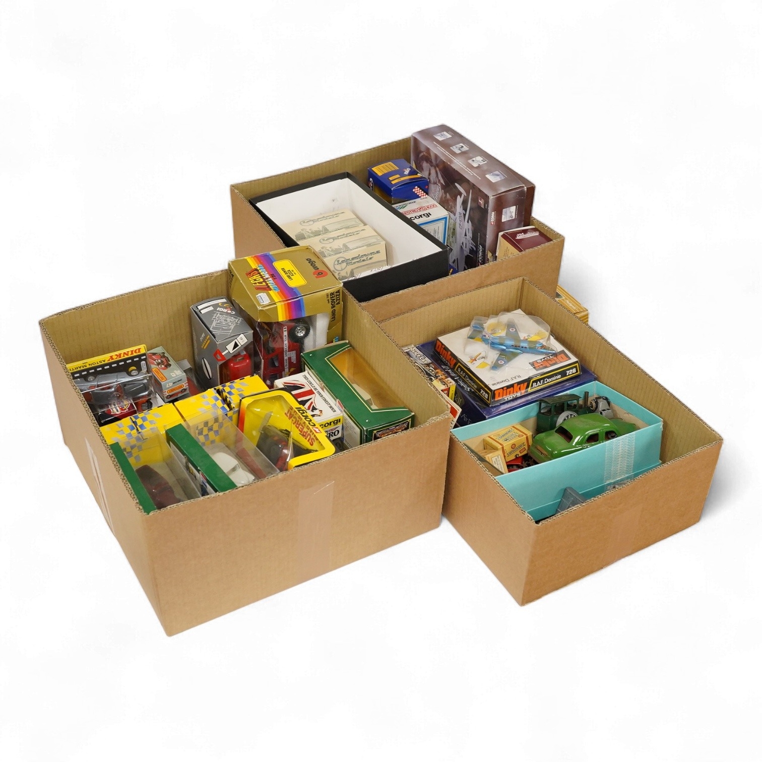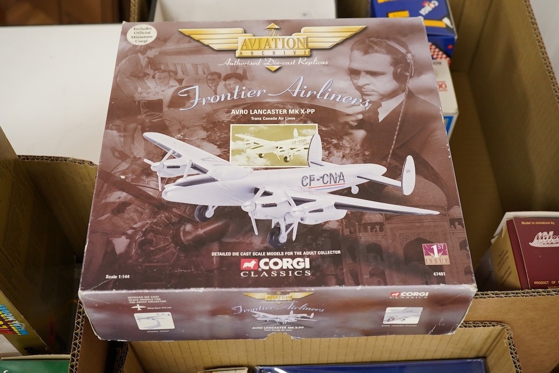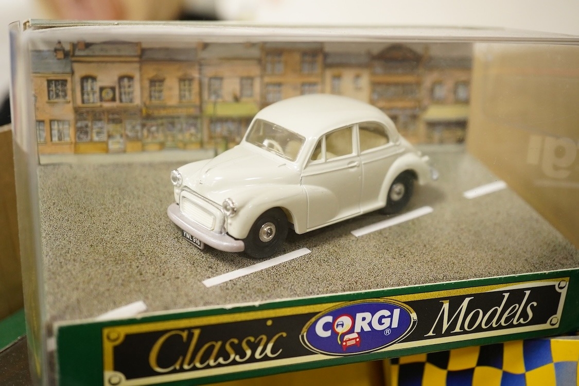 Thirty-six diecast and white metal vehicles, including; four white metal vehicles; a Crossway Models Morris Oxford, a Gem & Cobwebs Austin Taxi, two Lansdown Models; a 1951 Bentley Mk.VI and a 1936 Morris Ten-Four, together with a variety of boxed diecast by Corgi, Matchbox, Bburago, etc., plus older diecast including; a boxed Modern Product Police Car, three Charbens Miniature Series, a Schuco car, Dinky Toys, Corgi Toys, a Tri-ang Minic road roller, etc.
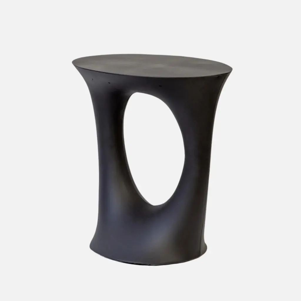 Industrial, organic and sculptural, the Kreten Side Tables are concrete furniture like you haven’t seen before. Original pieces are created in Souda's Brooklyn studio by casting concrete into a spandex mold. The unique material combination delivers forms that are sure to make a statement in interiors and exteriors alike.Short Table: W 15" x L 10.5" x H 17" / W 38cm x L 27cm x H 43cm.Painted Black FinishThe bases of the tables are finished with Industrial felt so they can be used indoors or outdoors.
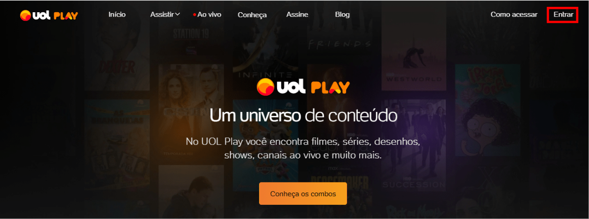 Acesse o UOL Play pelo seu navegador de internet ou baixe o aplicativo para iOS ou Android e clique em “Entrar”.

========================================

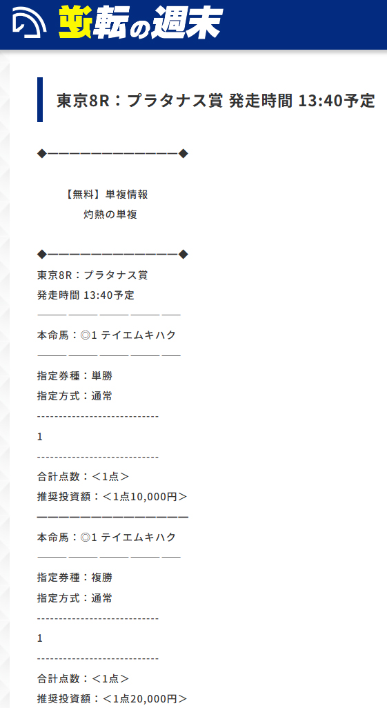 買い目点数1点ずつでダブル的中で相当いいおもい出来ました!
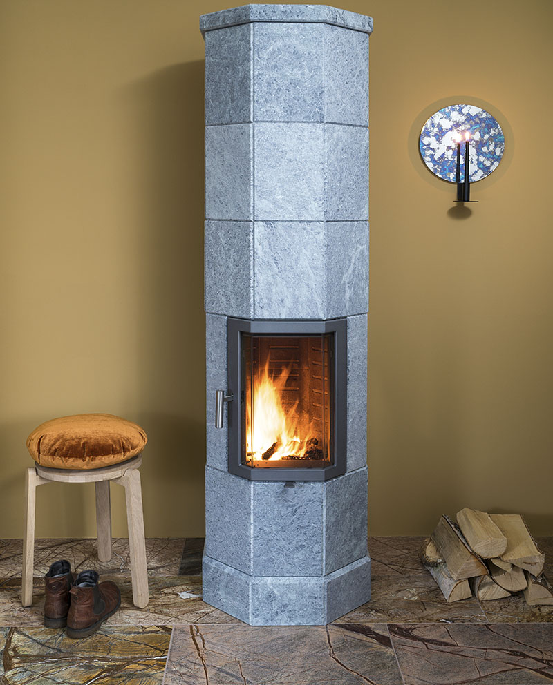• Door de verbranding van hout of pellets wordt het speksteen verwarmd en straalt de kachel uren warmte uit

========================================

INSTRUCTIONS TO FOLLOW: Starting at the line above with "買い目点数1点ずつでダブル的中で相当いいおもい出来ました!", output every line exactly up to and including the line with "uren warmte uit", but none of the pictures.

OUTPUT OF THE TASK:
 買い目点数1点ずつでダブル的中で相当いいおもい出来ました!
• Door de verbranding van hout of pellets wordt het speksteen verwarmd en straalt de kachel uren warmte uit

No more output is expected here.